§ PROVIDED RECORDS:
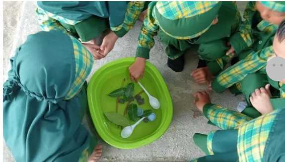
Gambar 4.3 Kegiatan pembelajaran eksperimen tenggelam dan mengapung 58

Berdasarkan data observasi tersebut, terlihat anak terlibat dalam kegiatan mencoba, mengamati, dan berinteraksi langsung dengan guru dan teman selama eksperimen berlangsung. Aktivitas ini menunjukkan munculnya pengalaman belajar sains yang bersifat langsung dan bermakna bagi anak. Selama kegiatan eksperimen berlangsung anak-anak lebih antusias dan terlibat secara aktif saat kegiatan eksperimen berlangsung. Bunda A juga menyampaikan, “Untuk respon anak mungkin mereka lebih antusias dan anak juga terlibat secara aktif sebagai pelaku dalam kegiatan eksperimen dan anak juga menunjukkan rasa ingin tahu yang sangat tinggi.”(CWGSBA.7) 59
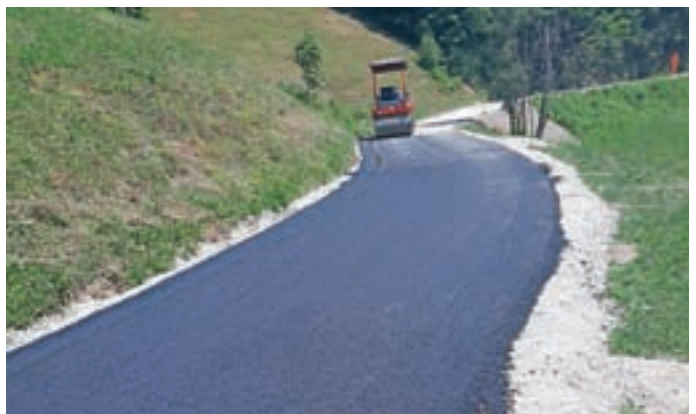
Obnovljena cesta Grapa–Podčrtar–Stata

Poleg rednega letnega vzdrževanja lokalnih cest in javnih poti so bili na novo z asfaltno prevleko urejeni 200-metrski odsek JP Grapa–Podčrtar–Stata, 50-metrski odsek JP Žunar–Stotnkar in 40-metrski odsek JP Hobovše–Travnik do krajevne meje s KS Trebija. Poleg tega so bili pokrpani še nekateri krajši odseki.
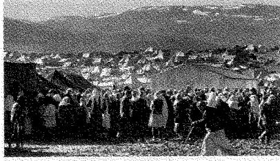
إسرائيل لا تعترف أصلاً بمسؤوليتها عما جرى

المسألة الرابعة: القدس. سينال الفلسطينيون بعض الأحياء التي لا يريدونها الإسرائيليون لأنهم لا يريدون أن يجمعوا قمامة العرب ولا يريدون أن يدفعوا أي قرش للمدارس العربية. ولهذا سيحصل الفلسطينيون على أحياء عربية مطوقة تماماً بأحياء يهودية. سينالون جزراً صغيرة في القدس الموسعة. وسيحصلون أيضاً على الطابق الثاني من المسجد الأقصى... بل لن يحصلوا على هذا الطابق أيضاً لأنهم سوف يُعطون السيطرة على القدس لا السيادة عليها!

§ REQUIRED ACTION:
Set down the records again exactly as they appear, leaving each picture behind.

§ RESPONSE BELOW:
Gambar 4.3 Kegiatan pembelajaran eksperimen tenggelam dan mengapung 58

Berdasarkan data observasi tersebut, terlihat anak terlibat dalam kegiatan mencoba, mengamati, dan berinteraksi langsung dengan guru dan teman selama eksperimen berlangsung. Aktivitas ini menunjukkan munculnya pengalaman belajar sains yang bersifat langsung dan bermakna bagi anak. Selama kegiatan eksperimen berlangsung anak-anak lebih antusias dan terlibat secara aktif saat kegiatan eksperimen berlangsung. Bunda A juga menyampaikan, “Untuk respon anak mungkin mereka lebih antusias dan anak juga terlibat secara aktif sebagai pelaku dalam kegiatan eksperimen dan anak juga menunjukkan rasa ingin tahu yang sangat tinggi.”(CWGSBA.7) 59
Obnovljena cesta Grapa–Podčrtar–Stata

Poleg rednega letnega vzdrževanja lokalnih cest in javnih poti so bili na novo z asfaltno prevleko urejeni 200-metrski odsek JP Grapa–Podčrtar–Stata, 50-metrski odsek JP Žunar–Stotnkar in 40-metrski odsek JP Hobovše–Travnik do krajevne meje s KS Trebija. Poleg tega so bili pokrpani še nekateri krajši odseki.
إسرائيل لا تعترف أصلاً بمسؤوليتها عما جرى

المسألة الرابعة: القدس. سينال الفلسطينيون بعض الأحياء التي لا يريدونها الإسرائيليون لأنهم لا يريدون أن يجمعوا قمامة العرب ولا يريدون أن يدفعوا أي قرش للمدارس العربية. ولهذا سيحصل الفلسطينيون على أحياء عربية مطوقة تماماً بأحياء يهودية. سينالون جزراً صغيرة في القدس الموسعة. وسيحصلون أيضاً على الطابق الثاني من المسجد الأقصى... بل لن يحصلوا على هذا الطابق أيضاً لأنهم سوف يُعطون السيطرة على القدس لا السيادة عليها!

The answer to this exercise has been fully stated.